Exploratory Data Analysis can not only provide tools to get insight from data, it is also a good method to find flaws in the data. The original DataFrame created using Kaggle Electric Vehicle population data can be found here.
The code for EDA can be found here.
The first step was to get an idea about the population of Electric Vehicles in each state. It was seen from Fig 1 that only Washington had any Electric Vehicles registered in the whole country. Thanks to domain knowledge, this seemed wrong. After digging into the data, it was found that the Kaggle dataset advertised as a full country dataset, but only had data pertaining to Washington. This is not the data that is needed. Through this visualization, the error in the dataset was easily found.
The next step is to correct this mistake and obtain data for each state. Multiple sources were used to find this data, majority of it was fabricated using this website. The values for adjusted to remove the 2021 and 2022 vehicle registrations. Using the new dataset, Fig 2 shows a better picture and distribution of Electric Vehicle Registrations from year 2008-2020.
After correcting the data, The new dataframe can be seen in Fig 3:
Now that the Electric Vehicle data is correct, it’s important to inquire whether the features associated to the label (Number of Electric Vehicles registered per state per year) are mostly flawless.

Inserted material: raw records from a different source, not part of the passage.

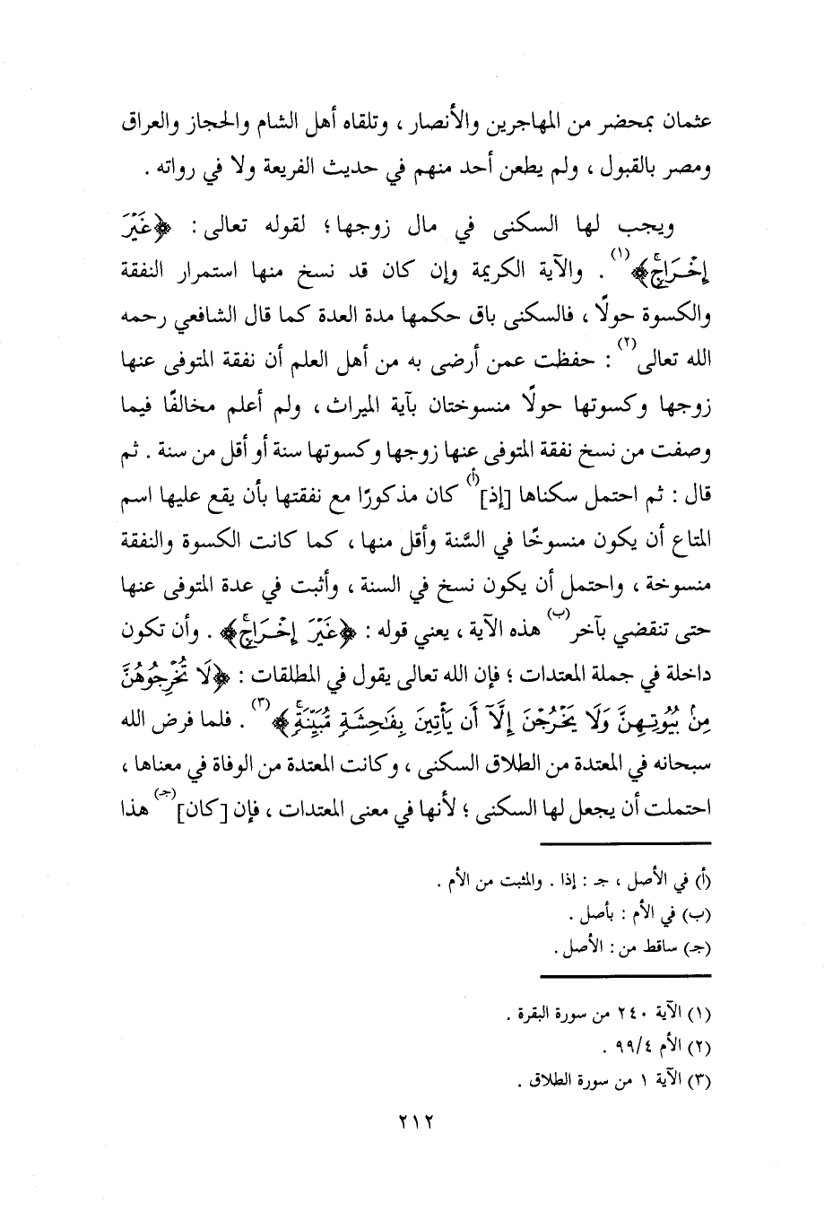 ويجب لها السكنى في مال زوجها؛ لقوله تعالى: {غَيْرَ إخْرَاجٍ} (¬1). والآية الكريمة وإن كان قد نسخ منها استمرار النفقة والكسوة حولًا، فالسكنى باق حكمها مدة العدة كما قال الشافعي رحمه الله تعالى (¬2): حفظت عمن أرضى به من أهل العلم أن نفقة المتوفى عنها زوجها وكسوتها حولًا منسوختان بآية الميراث، ولم أعلم مخالفًا فيما وصفت من نسخ نفقة المتوفى عنها زوجها وكسوتها سنة أو أقل من سنة. ثم قال: ثم احتمل سكناها [إذ] (أ) كان مذكورًا مع نفقتها بأن يقع عليها اسم المتاع أن يكون منسوخًا في السَّنة وأقل منها، كما كانت الكسوة والنفقة منسوخة، واحتمل أن يكون نسخ في السنة، وأثبت في عدة المتوفى عنها حتى تنقضي بآخر (ب) هذه الآية، يعني قوله: {غَيْرَ إِخْرَاجٍ}. وأن تكون داخلة في جملة المعتدات؛ فإن الله تعالى يقول في المطلقات: {لَا تُخْرِجُوهُنَّ مِنْ بُيُوتِهِنَّ وَلَا يَخْرُجْنَ إلا أَنْ يَأْتِينَ بِفَاحِشَةٍ مُبَيِّنَةٍ} (¬3). فلما فرض الله سبحانه في المعتدة من الطلاق السكنى، وكانت المعتدة من الوفاة في معناها، احتملت أن يجعل لها السكنى؛ لأنها في معنى المعتدات، فإن [كان] (جـ) هذا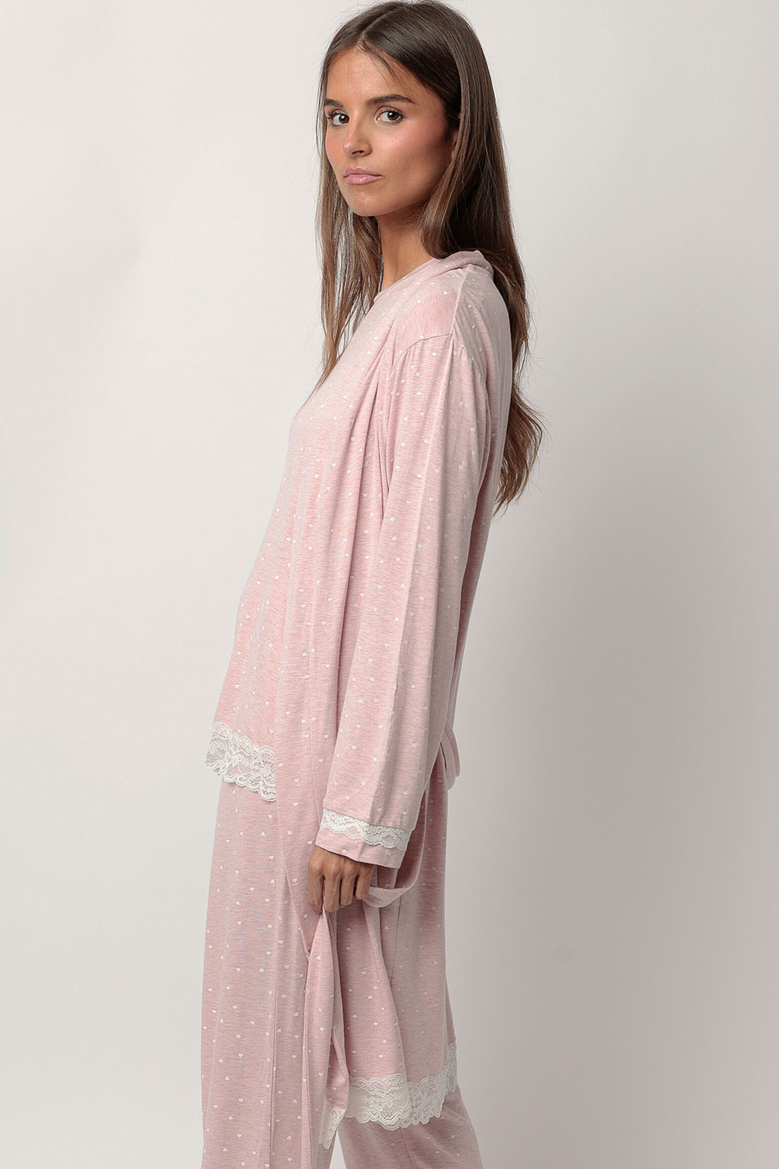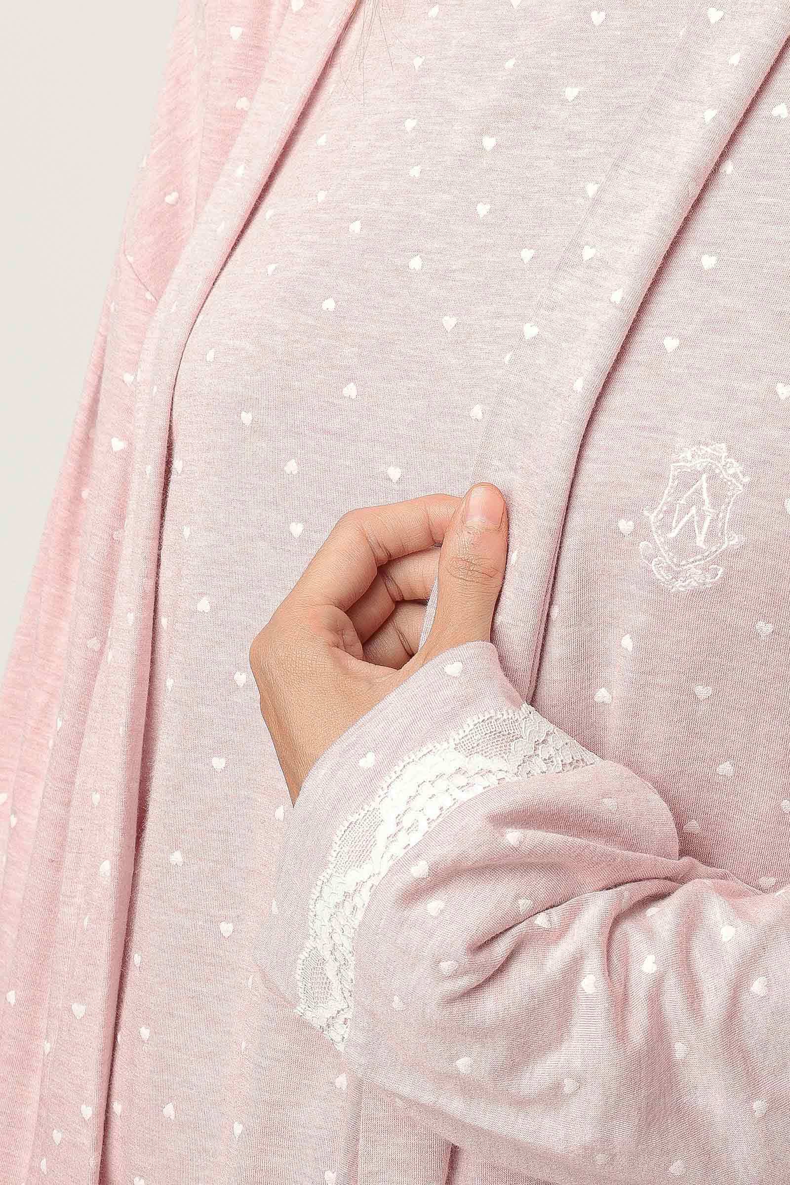 Выполнен в нежном розовом оттенке с мелким узором - сердечки.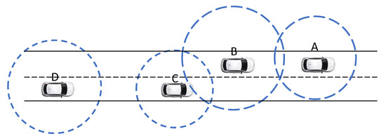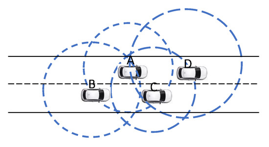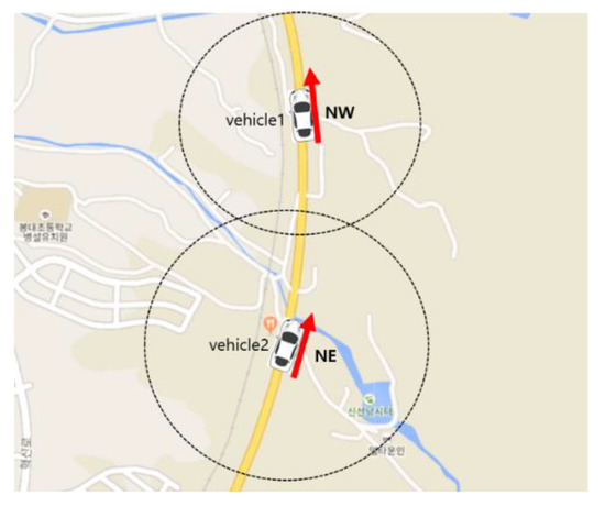 Although the connected car technology is applicable to future autonomous vehicles and smart cars, it does not apply to vehicles that are currently being produced [4,10]. If this technology is to be applicable to existing vehicles, it will require the attachment of additional devices such as an on-board unit (OBU). To prevent accidents, Advanced Driver Assistance Systems (ADAS) installed on existing vehicles are not optimum systems for the driver, and they provide neither the connected car technology nor self-driving [31]. Even if a vehicle is equipped with the Autonomous Emergency Braking (AEB) system, the vehicle will automatically apply the emergency brakes when other vehicles driving around the vehicle overtake and intervene. In this case, vehicles that immediately follow may cause a collision. Therefore, it is also important to understand the situation information of other vehicles that are currently driving around a vehicle. Hence, it is necessary to form a connected car subgroup.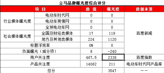 市場表現一直略顯低調的立馬,在第三季度起始階段進入榜單前八名,不難看出,其在網絡平臺的主動宣傳方面還稍顯不足,媒體曝光度方面也表現平平,不論品牌還是產品,都沒有在網絡媒介上過多表現,還因出現一些負面信息而對口碑排名產生一定影響。

Let’s take a look at the Bachelor’s education attainment and GDP, and how the electric vehicle registration relate to each feature. In the figure on the left below, it can be seen that Number of electric vehicles registered are not necessarily dependent on the education level. Although the plot needs to be elaborated more into each state to find a better pattern. In the figure on the right below, it can be seen that the normalized number of electric vehicles does have a slight dependence on the normalized GDP.